Todos nós adorávamos caubóis, de Carol Bensimon
Por Pedro Fernandes
“Todas as ótimas ideias já pareceram más ideias em algum
momento.” A afirmativa é da narradora de Todos nós adorávamos caubóis, o mais recente livro da escritora gaúcha Carol Bensimon
que há dois anos publicou uma antologia de contos – Pó de parede – e um ano depois seu primeiro romance, Sinuca embaixo d’água. O primeiro
título, que foi decerto, o de revelação da autora, tem um rico ensaio de
escrita que reinaugura promessas no segundo e rui, que não seja em definitivo,
nesta terceira tentativa. Se o título nos sugere uma ótima ideia, a sugestão é
desfeita não em algum momento, mas em toda tentativa de romance; uma ótima
ideia, repito, mas que aponta para uma má ideia (afinal, o que sugere um termo
como este Todos adorávamos caubóis?)
e finda, se confirmando como tal: um texto com faro comercial e que pouco se
aventura esteticamente, pedindo a todo instante uma fuga desse status medíocre e mais um tempo de
maturação.
De modo que, são necessárias algumas respostas para antes de
indicar a leitura de Todos nós adorávamos
caubóis; as perguntas soam como aquelas feitas por um vendedor de livraria
que atende a um cliente perdido sem saber o que comprar de presente para alguém
que tem o gosto pela leitura e ele, pobre cliente que não tem sequer hábito de
entrar numa livraria, é logo, por essas perguntas-chaves, convencido pelo
vendedor a tentar escolher entre os livros da banca dos horrores – a títulos chinfrins
mas que estão de certeza entre os mais vendidos. No fim contas, só para
concluir essa anedota um tanto sem sentido, o leitor atento já terá percebido,
cliente perdido e vendedor encontram-se na mesma zona brumosa, nem um e nem o
outro sabe exatamente o que estão fazendo ali.

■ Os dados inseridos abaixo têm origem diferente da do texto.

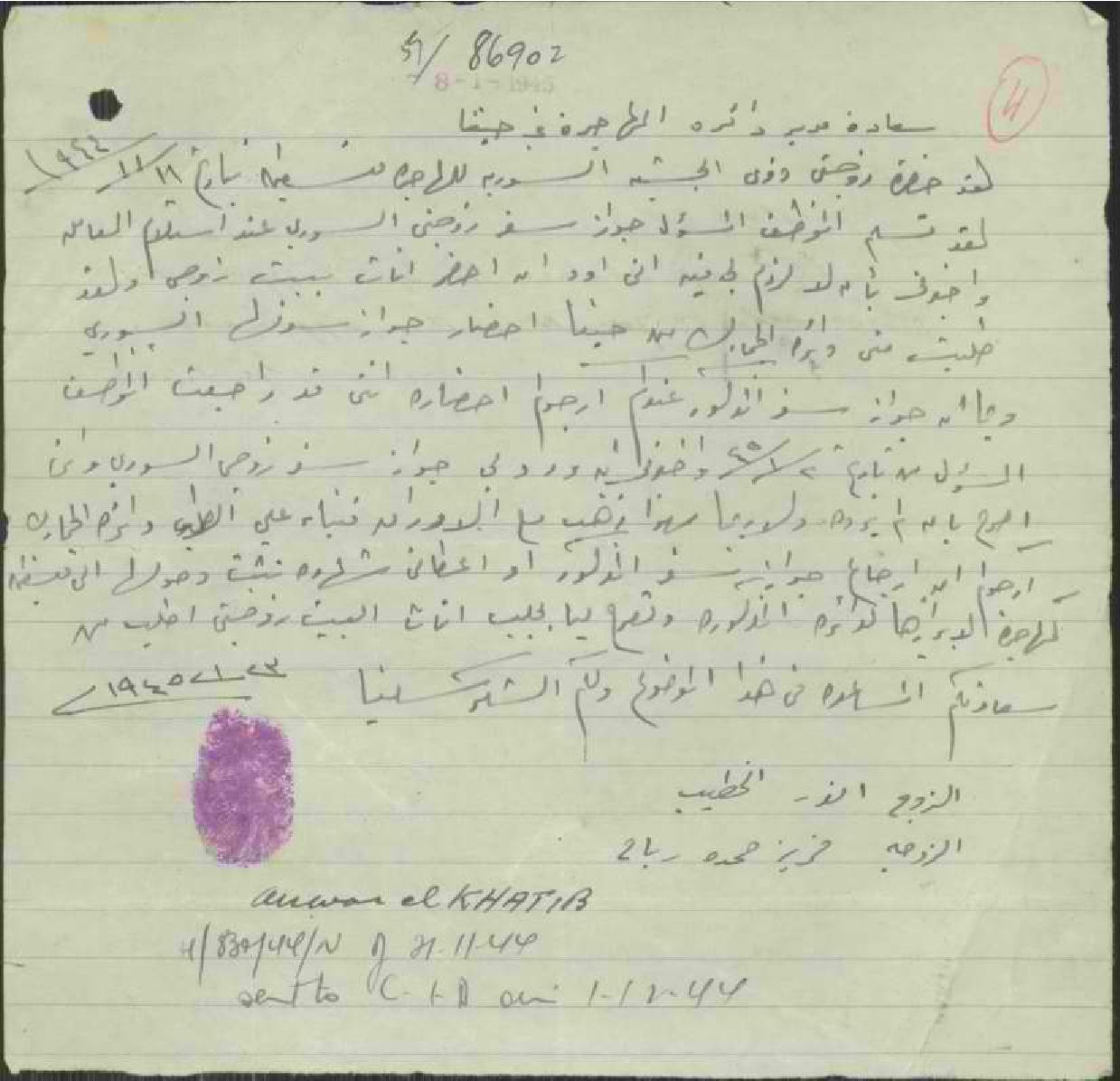 رسالة من زوج فريزة رباح الخطيب الى مدير المهاجرة بخصوص طلب الجنسية الفلسطينية

As perguntas são: a) numa autoavaliação, como você se
considera enquanto leitor? b) você tem coisas mais urgentes e importantes para
ler? c) que tipo de leitura você procura – aquela para laboração intelectiva ou
aquela de mera fruição? Se as respostas forem ou se aproximarem de:
considero-me um pequeno/ mediano leitor; não tenho nada urgente e nem
importante para ler no momento; e estando buscando algo para ler na praia,
antes de dormir, busco algo para passatempo. Bom, então, você reúne as condições
básicas e necessárias para receber como indicação de leitura este texto da
Carol Bensimon.
Todos nós adorávamos
caubóis não passa de um trabalho que reúne uma “pegada regionalista”, ao
visitar lugares, embora já empoeirados, da tradição gaúcha, com a imitação muito
barata de clássicos sexo-álcool-viagem, típico road trip a Hollywood. O resultado é uma tentativa falhada, talvez
porque o lugar de onde vem essa narradora está distante do ideal que se marginaliza, por exemplo, num road trip clássico como On the road, de Jack Keroauc. Cora, a narradora, é de uma família gaúcha
abastada, das que “enquanto todos passavam por aperto da oscilação econômica”

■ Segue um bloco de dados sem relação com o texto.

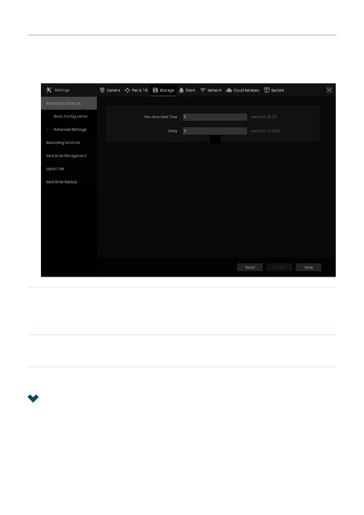 To configure the pre-recorded and delay time for cameras, go to Storage > Recording Schedule >

das décadas passadas, vivia sem dificuldades; vinda de Paris, onde foi cursar
moda, para estar por alguns dias próxima ao lado do pai que, depois de vários
anos separado, envolve-se com uma garota de praticamente a idade da filha e
está, agora, para ser pai novamente; ao invés disso, fica sabendo da chegada de
sua melhor amiga, que havia ido para Montreal, e resolve com ela, do nada, cair
na estrada para uma travessia pelo Rio Grande do Sul, uma viagem que há muito
estivera na conversa das duas, mas que nunca saíra do planos.

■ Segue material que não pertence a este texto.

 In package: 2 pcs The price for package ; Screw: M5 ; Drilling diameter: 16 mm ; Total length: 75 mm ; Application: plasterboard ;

Vê-se que o mote para o nascimento da narrativa, este e a própria
narrativa desenhada durante a viagem dessas duas mulheres, num jogo entre
passado e presente, intercalando-se e dando tessitura ao narrado, é muito bem
feito. Esse entretempo segue também essa compreensão, ficando demonstrado que
nem tudo se perde na tentativa road trip made
in Brazil. Além do imbróglio familiar, Bensimon ainda pensa a amiga de
Carol, Julia, como a representante mais legítima dos elementos enformadores se não
identidade do estereótipo gaúcha, seja por certo resquício da infância e
juventude que vez ou outra irrompe no decorrer da viagem – as danças
tradicionais, a bebida, as vestimentas, o modus
vivendi de onde veio e a aproximação com determinadas nuanças da própria
língua. Isso também é bem feito. O que desanda é que isso poderia servir de
elemento a ser contraposto à personalidade da própria Cora, mulher sempre
urbana, signo de uma geração que desconhece seu lugar e não tem, ou ao menos não
aparenta ser assim, com referências locais muito bem elaboradas e é muito mais
influenciada por aquilo que é oferecido de maneira gratuita pelo modelo
cultural capitalista. Junte a isso uma história de amor mal resolvida no
passado entre as duas amigas e está desenhado o itinerário dessa viagem.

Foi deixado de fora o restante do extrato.